One area Avakian mentioned was the FCPA and she stated:
“[W]e have continued to be very active. A few cases to note include actions against Novartis, after subsidiaries engaged in schemes to make improper payments or provide benefits to healthcare providers in South Korea, Vietnam, and Greece in exchange for prescribing or using certain products; Ericsson for engaging in a large-scale bribery scheme involving the use of sham consultants to secretly funnel money to government officials in multiple countries; and Telia – which is a good example of international cooperation – for offering and paying at least $330 million in bribes to win business in Uzbekistan.”
In any event, given the questions Avakian posed (including “did we obtain meaningful punishments that deter unlawful conduct”), it is interesting that she highlighted the Novartis action.
As highlighted in this prior post, in 2016 Novartis coughed up $25 million to resolve a SEC FCPA enforcement action. As a condition of settlement, the SEC ordered Novartis to cease and desist from committing or causing any violations and any future violations of the FCPA’s books and records and internal controls provisions.
Yet in June Novartis joined the FCPA repeat offender club by agreeing to another FCPA settlement – this time for approximately $347 million (see here).
As to Avakian’s question “did we recoup ill-gotten gains and return money to investors,” in SEC FCPA enforcement actions the answer is (believed to) universally no. Indeed, as highlighted in this prior post during oral argument at the Supreme Court in March in Liu v. SEC the Deputy Solicitor General stated:
“… [A]s an empirical matter, the SEC tries to return the money to investors when it can, and we’re largely successful in doing that.

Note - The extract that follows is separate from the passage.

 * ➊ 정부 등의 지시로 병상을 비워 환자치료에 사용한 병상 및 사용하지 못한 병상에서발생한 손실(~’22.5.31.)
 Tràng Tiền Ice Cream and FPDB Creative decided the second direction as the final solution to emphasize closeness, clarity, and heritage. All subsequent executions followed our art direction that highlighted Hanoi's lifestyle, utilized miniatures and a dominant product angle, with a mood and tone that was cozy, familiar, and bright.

Now there is a category of cases like the FCPA cases, the Foreign Corrupt Practices Act cases, where sometimes we do get big judgments. They’re not returned to investors because there really is no obvious universe of individual victims from an FCPA violation.”

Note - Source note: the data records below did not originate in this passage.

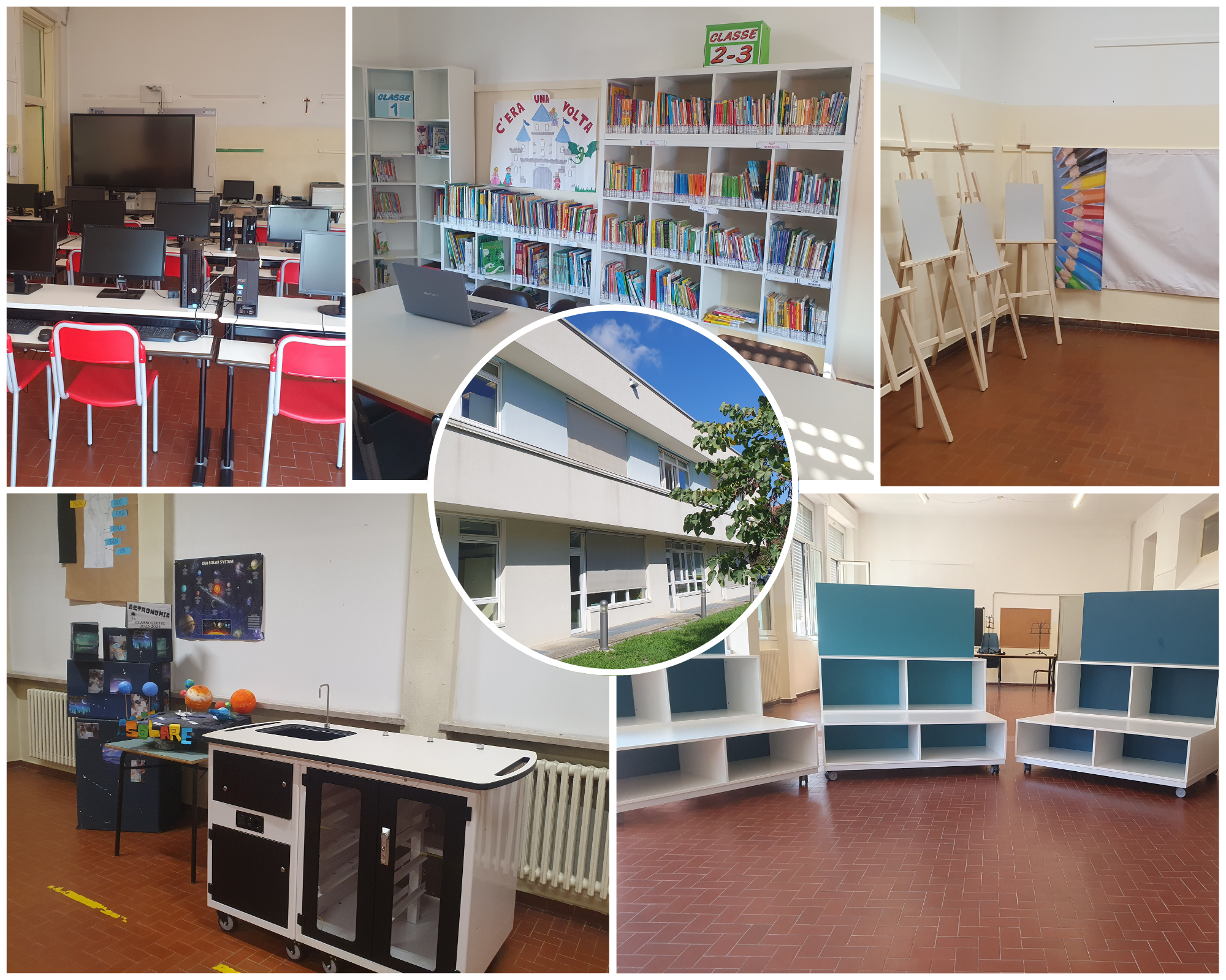 L’edificio principale ospita le aule e diversi laboratori didattici pensati per stimolare la curiosità, promuovere la collaborazione e sviluppare competenze interdisciplinari essenziali per il successo nel mondo di oggi. Accanto a questa struttura si trova un secondo edificio, di costruzione più recente, che accoglie ulteriori classi e spazi dedicati alle attività scolastiche.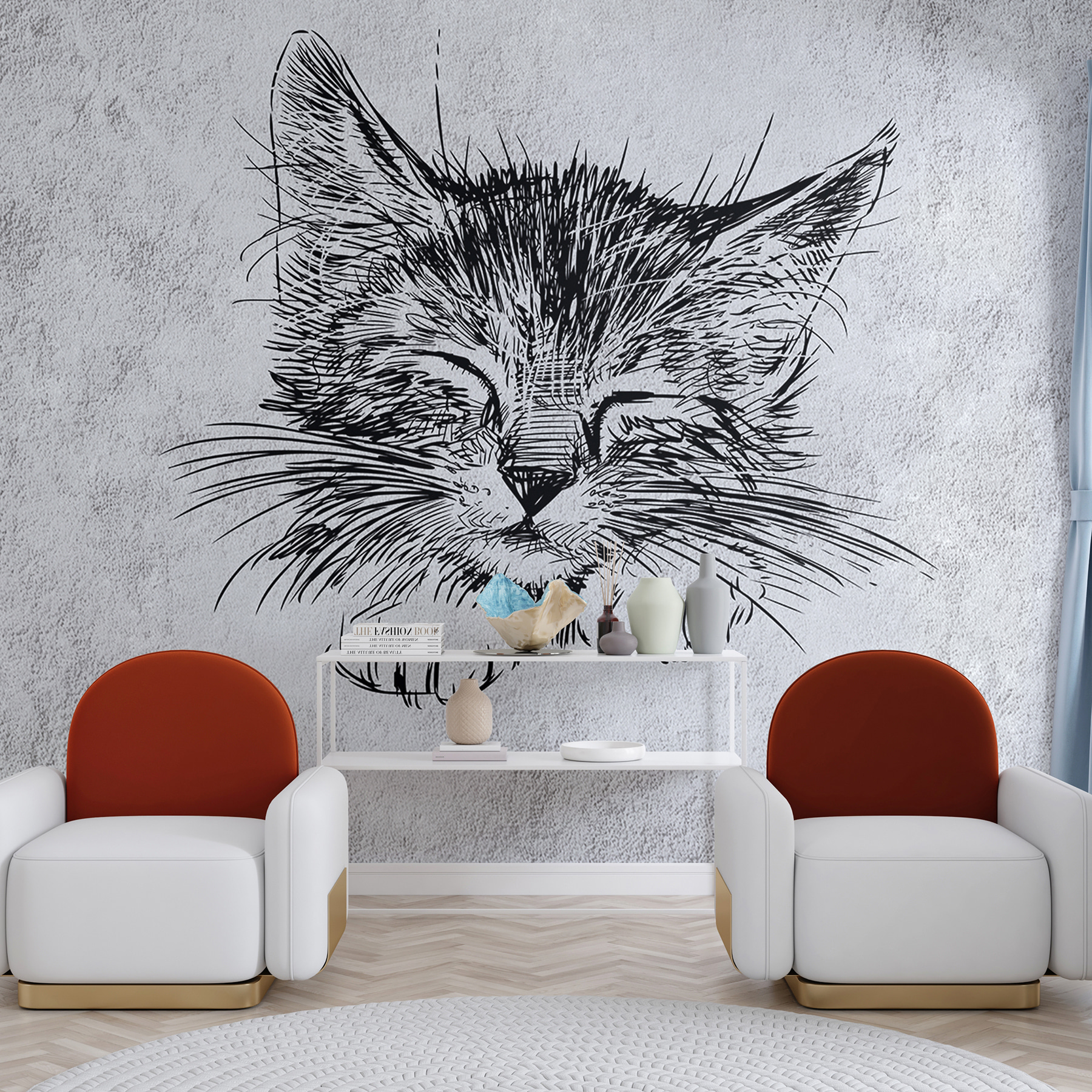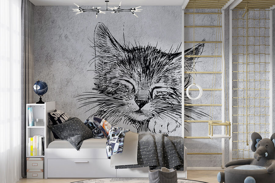 Transformeer je ruimte met deze schattige muurschildering met een slaperig katje. Stel je voor dat je na een lange dag thuiskomt en begroet wordt door deze kleine haarbal die lekker op zijn papier ligt. Het is alsof je een gezellig kunstwerk hebt dat elke keer dat je het ziet een glimlach op je gezicht tovert. De fijne lijnen geven de vredige charme van het katje weer, waardoor elke kamer meteen een meer uitnodigend gevoel krijgt. Of het nu in een slaapkamer is of in een speelse hoek, deze muurschildering fluistert kalmte en warmte. Perfect voor kattenliefhebbers of iedereen die van een grillige inrichting houdt – wie wil er nu niet omringd worden door zulke schattigheid? Laat dit slapende poesje het charmante middelpunt zijn dat vreugde en speelse gesprekken opwekt.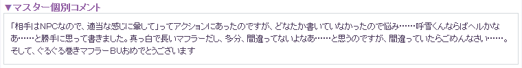 (呼雪の相手はNPCなので、適当な感じに暈して頂ければと思います。
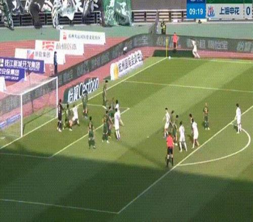 第10分鐘,浙江隊角球開到禁區(qū)被頂出,特謝拉迎球凌空射門打進,上海申花客場1-0領先。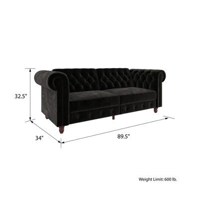 Transform your living room with a vintage inspired piece: the Room & Joy Finnley Sofa Futon. Luxuriously detailed with diamond button-tufted detailing throughout its entirety, this fashion-forward futon is perfect for any small living spaces. What’s more, the wooden legs and plush rolled arms add an element of Victorian era style to complete the look. Designed with a split backrest, simply push and pull your futon to instantly convert it into a lounger or bed. Founded with sturdy wood, we promise to deliver optimal stability and durability for the years to come. The futon is easy to assemble and can hold up to 600lb. No more stressing about staining your futon as it can be easily cleaned with a damp cloth. Available in a variety of colors including: Green velvet, Blue velvet and gray velvet. Go back in time with the Room & Joy Finnley Sofa Futon.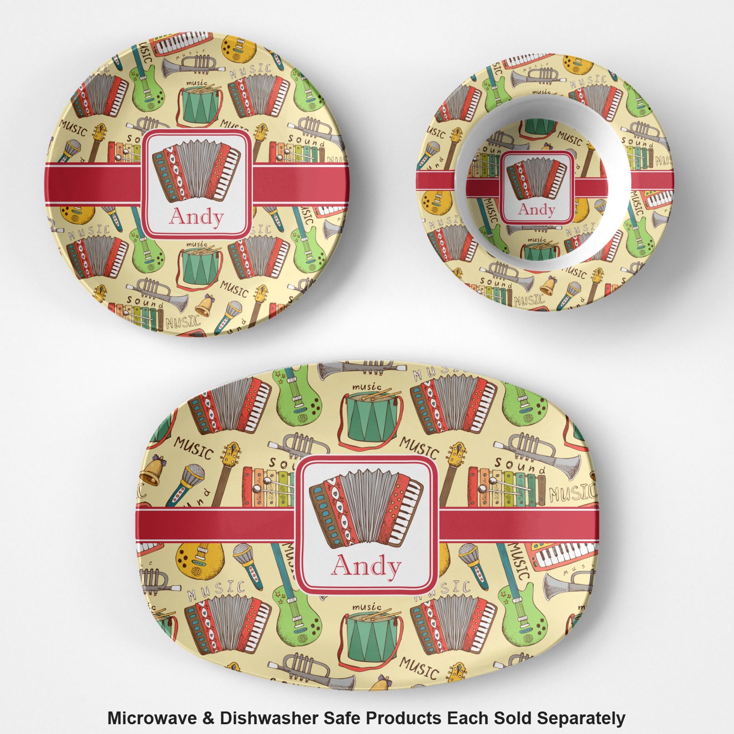 We have selected a classic red ribbon along with a square label that features the accordion along with a name for the personalization. You have a choice of instruments to feature on the label - your choices are: vintage guitar, xylophone, accordion, trumpet, keyboard, drum, microphone or bell and of course you can personalize it with your choice of text.

Avakian also talked about individual accountability and stated:
“[A] critical part of our program continues to be seeking to deter wrongdoing by holding individuals accountable – which we do in roughly 70% of cases over time.”
However, as highlighted in this prior post, since 2016 approximately 80% of corporate SEC FCPA enforcement actions have not resulted in any related SEC charges against company employees. Thus far in 2020, there have been 6 corporate SEC enforcement actions and 5 of those 6 (83%) have not resulted in any related SEC charges against company employees. As highlighted in this prior post, in 2019 85% of corporate SEC FCPA enforcement actions have not resulted in any related SEC charges against company employees.
Avakian next talked about resource allocation and stated that one thing the SEC has done to “maximize resource allocation was to try to shorten the amount of time it takes to complete investigations and bring cases.”
In the FCPA context, this statement is laughable.
As highlighted in this prior post, 4.5 years was the approximate median length of time companies that resolved FCPA enforcement actions in 2019 were under scrutiny.